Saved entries
============

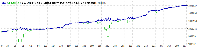 ----- ----- ----- Profit Master 2 AUDJPY M5 期間 : 2年間 Lots : 0.01 (最小ロットで実施) ----- ----- ----- 最大ポジション保有数 (Sell) : 14 最大ポジション保有数 (Buy) : 6 同時最大ポジション保有数 (Buy+Sell) : 16 ----- ----- ----- 初期証拠金:1000000 最終証拠金:1044701 取引回数:396 プロフィットファクタ:1.45 ----- ----- ----- 取引回数(Buy) :157 取引回数(Sell):239 勝ち取引回数:320 負け取引回数:76 プラス回数(Buy):130 プラス回数(Sell):190 最大連勝数:24 最大連敗数:2 平均連勝:4 平均連敗:1 勝トレード最高額:3025 最大DD:65557 最大DD(%):6.43 相対DD:65557 相対DD(%):6.43 ----- ----- ----- 総純益:143533 総損失:-98832 期待利得:113 最低残高評価値:953490 マージンレベル最小値:0 最適化基準値:0 ----- ----- -----
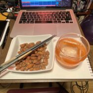 mezcal old fashioned / and almonds before prepping / class materials – #OnTheJob #Training #OffTheClock #Drinking #StayHome
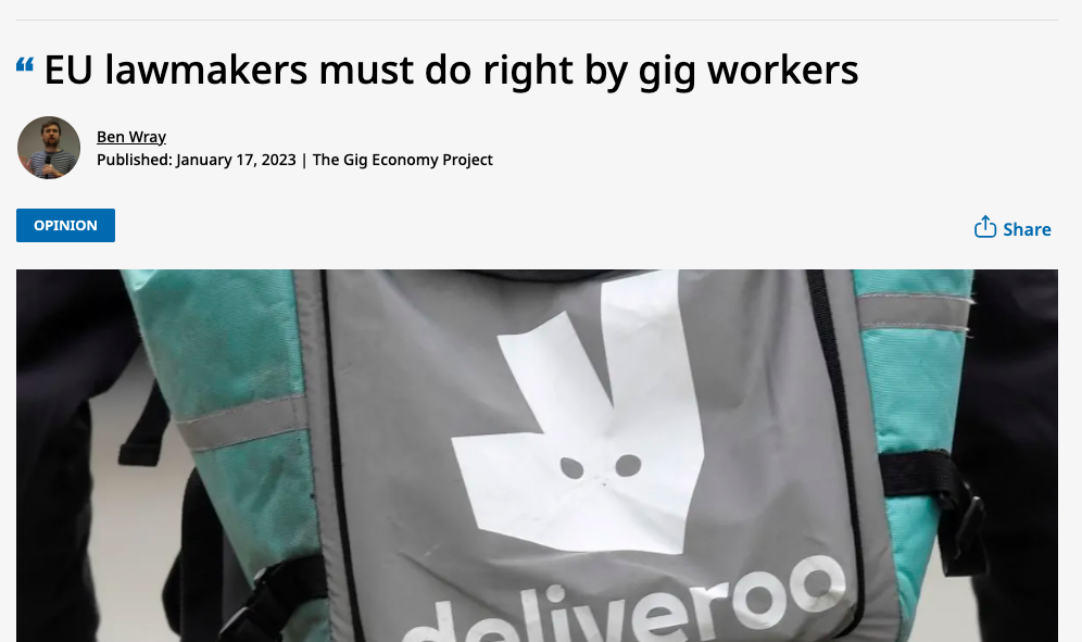 EU lawmakers must do right by gig workers Gig Economy Project co-ordinator Ben Wray writes in Reuters' "Context" section making the case for a strong presumption of employment status in the EU's Platform Work Directive.
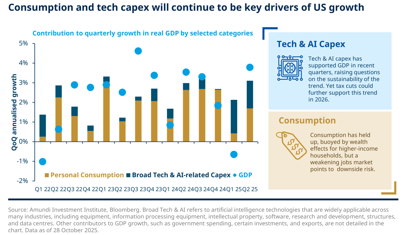 All this infrastructure spending isn’t just putting pressure on the system; the charts show that it has already become a major driver of economic activity. One of the clearest examples comes from Amundi’s 2026 Outlook. Technology and AI-linked investment are adding more to US growth than household consumption. Investment has stayed strong even as consumption has cooled, and that widening gap is a big part of why the US economy hasn’t lost momentum.
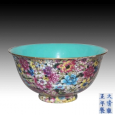 粉彩百花不落地贡碗
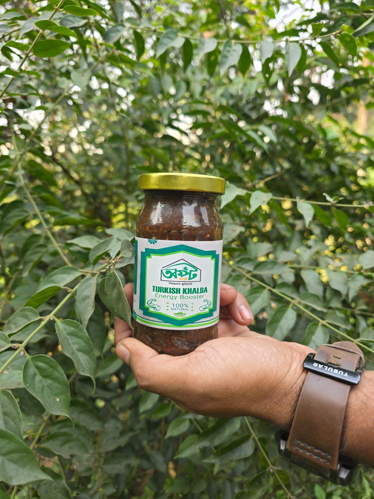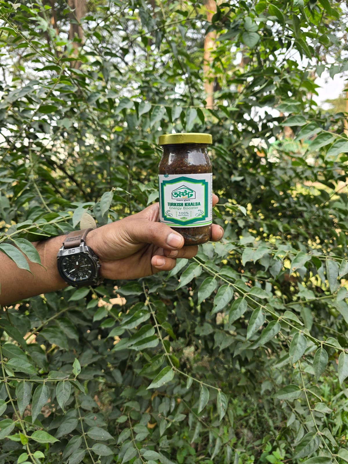 ১০০% প্রাকৃতিক ও হালাল উপাদান: খাঁটি তিলের পেস্ট (তাহিনি), মধু/চিনি, বাদাম, পেস্তা, আদা, কালো জিরা বা অন্য হার্বস দিয়ে তৈরি – কোনো কেমিক্যাল বা প্রিজারভেটিভ নেই।
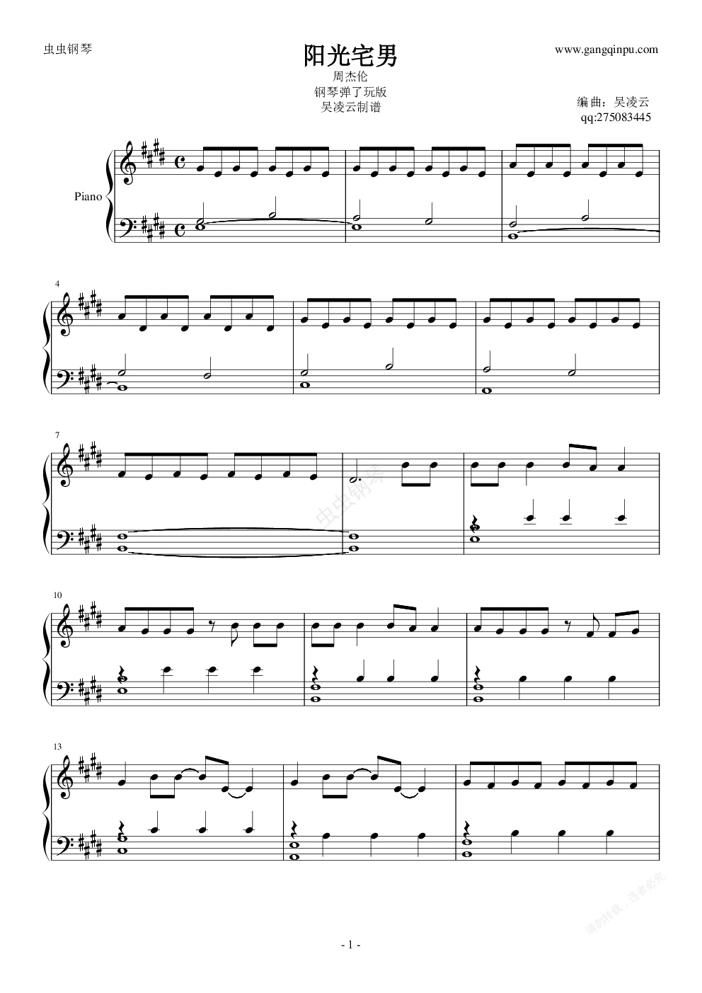 钢琴谱:阳光宅男 周杰伦 吴凌云编制版

============

WORK REQUEST
Give back exactly the lines from the top of the records to the line containing "mezcal old fashioned", both included, and no pictures.

SOLUTION
 ----- ----- ----- Profit Master 2 AUDJPY M5 期間 : 2年間 Lots : 0.01 (最小ロットで実施) ----- ----- ----- 最大ポジション保有数 (Sell) : 14 最大ポジション保有数 (Buy) : 6 同時最大ポジション保有数 (Buy+Sell) : 16 ----- ----- ----- 初期証拠金:1000000 最終証拠金:1044701 取引回数:396 プロフィットファクタ:1.45 ----- ----- ----- 取引回数(Buy) :157 取引回数(Sell):239 勝ち取引回数:320 負け取引回数:76 プラス回数(Buy):130 プラス回数(Sell):190 最大連勝数:24 最大連敗数:2 平均連勝:4 平均連敗:1 勝トレード最高額:3025 最大DD:65557 最大DD(%):6.43 相対DD:65557 相対DD(%):6.43 ----- ----- ----- 総純益:143533 総損失:-98832 期待利得:113 最低残高評価値:953490 マージンレベル最小値:0 最適化基準値:0 ----- ----- -----
 mezcal old fashioned / and almonds before prepping / class materials – #OnTheJob #Training #OffTheClock #Drinking #StayHome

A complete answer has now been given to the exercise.